If the gutter height is 8 feet, the surface area of each end wall is 192 square feet (24 feet × 8 feet). The side walls are each 768 square feet (96 feet × 8 feet). The surface area of the roof is the same as the width of plastic over the roof multiplied by its length. So, if the roof is 30 feet, the roof surface area is 2,880 square feet (30 feet × 96 feet). The total greenhouse surface area is (2 × 192) + (2 × 768) + 2,880 = 4,800 square feet.
Using the formula above:
heat required = U × A × (TINSIDE - TOUTSIDE)
= 0.8 × 4,800 × (62 - 14)
= 0.8 × 4,800 × 48
= 184,320 BTUs
A heating system able to supply a total of 185,000 BTUs would be appropriate for a greenhouse of this size located in Tupelo, Mississippi. It is better to use two small heaters (for example, two 93,000 BTU heaters) than one large heater in a single, free-standing greenhouse. If one heater fails, there will be a backup to prevent the crop from freezing.
Providing an Air Intake
Now that you know the size of the heating system, you can size the air intake for the heating unit. Use this formula:
50 square inches of intake for each 100,000 BTUs of the heating system
If 185,000 BTUs are needed, as in the example above, use 1.85 × 50 = 92.5 square inches of air intake for the burners.
Each environmental control device needs a thermostat to control when it is activated to turn on and deactivated to turn off. This includes any or all of the following: heater, exhaust fan, fan jet louver, poly vent, evaporative cool pads, and/or mist system. The location of these thermostats is very important. Do not put thermostats on an outside wall; put them somewhere in the interior of the greenhouse where the temperature monitored will represent most of the plant space.
Locate thermostats near the center of the house and at plant level to get good temperature control. Also, enclose the thermostat in an aspirated box or shade it so that the thermostat can monitor air temperature correctly. If the sun is allowed to shine directly on the thermostat, it will read a higher temperature than the air surrounding it.
Do not put thermostats where hot air from the heater or cool air from the fans will blow directly on them.
Never trust a thermostat to be 100 percent accurate. It is wise to install a high/low thermometer in the greenhouse near the thermostat. It will record the highest and lowest temperatures that occurred since the last reset of these values. It is important to maintain the actual temperature desired. This temperature can be verified by the thermometer, regardless of what the thermostat setting displays.
Ventilation is important not only during the warm-season months, but also during the cool season on sunny days. Fresh air is primarily needed to lower the humidity and air temperature, but it also replenishes carbon dioxide (CO2) that plants consume during the daylight hours in the process of photosynthesis.
Design the ventilation system so that it moves 8–10 cubic feet per minute (CFM) of air per square foot of greenhouse space. For a 24-by-96-foot greenhouse, two 36-inch or 48-inch fans are usually required. Even with proper ventilation in the warm season, the inside temperature will always be higher than the outside temperature.

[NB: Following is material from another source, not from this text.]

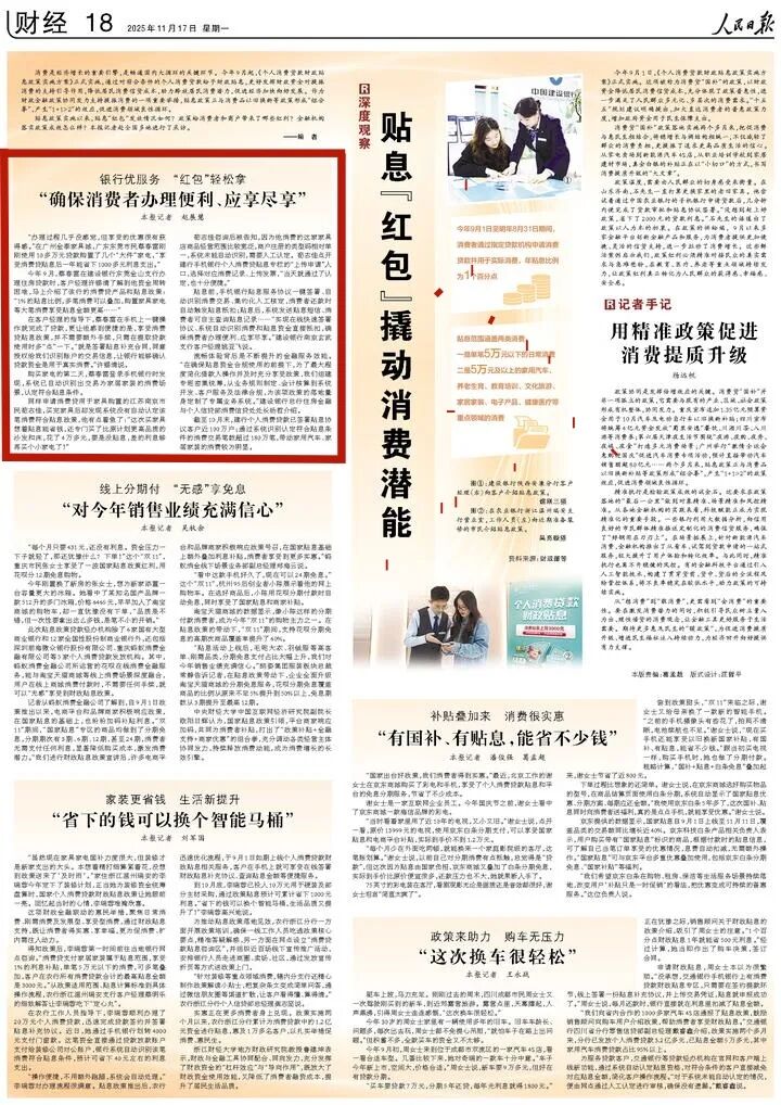 近期,建设银行举办“提振消费促发展”媒体主题调研采访活动,邀请媒体记者走进建行,见证金融赋能消费的鲜活场景,直观感受建行在激发消费活力中的实干作为。今日《人民日报》专版刊发《贴息“红包”撬动消费潜能》,报道建行积极贯彻落实个人消费贷款财政贴息政策,确保办理便利,推动政策红利惠及消费者。“今日建行”转载如下:

How to Size the Exhaust Fans
Use this formula:
exhaust fan CFM = 8 × (length of greenhouse) × (width of greenhouse)
Example: In a 24-by-96-foot greenhouse, the floor is 2,304 square feet. To calculate the CFM of the fans, multiply 8 × 2,304 = 18,432 CFM. This will give one air exchange per minute for the volume of air in the greenhouse up to a height of 8 feet.
If you use variable-speed fans or two-speed fans, you can control temperature more effectively. Be sure to keep any doors and windows at the fan end of the greenhouse closed while the fan is operating; otherwise, air currents will short circuit the greenhouse interior. Fit plastic coverings and poly vents tightly to prevent air leaks.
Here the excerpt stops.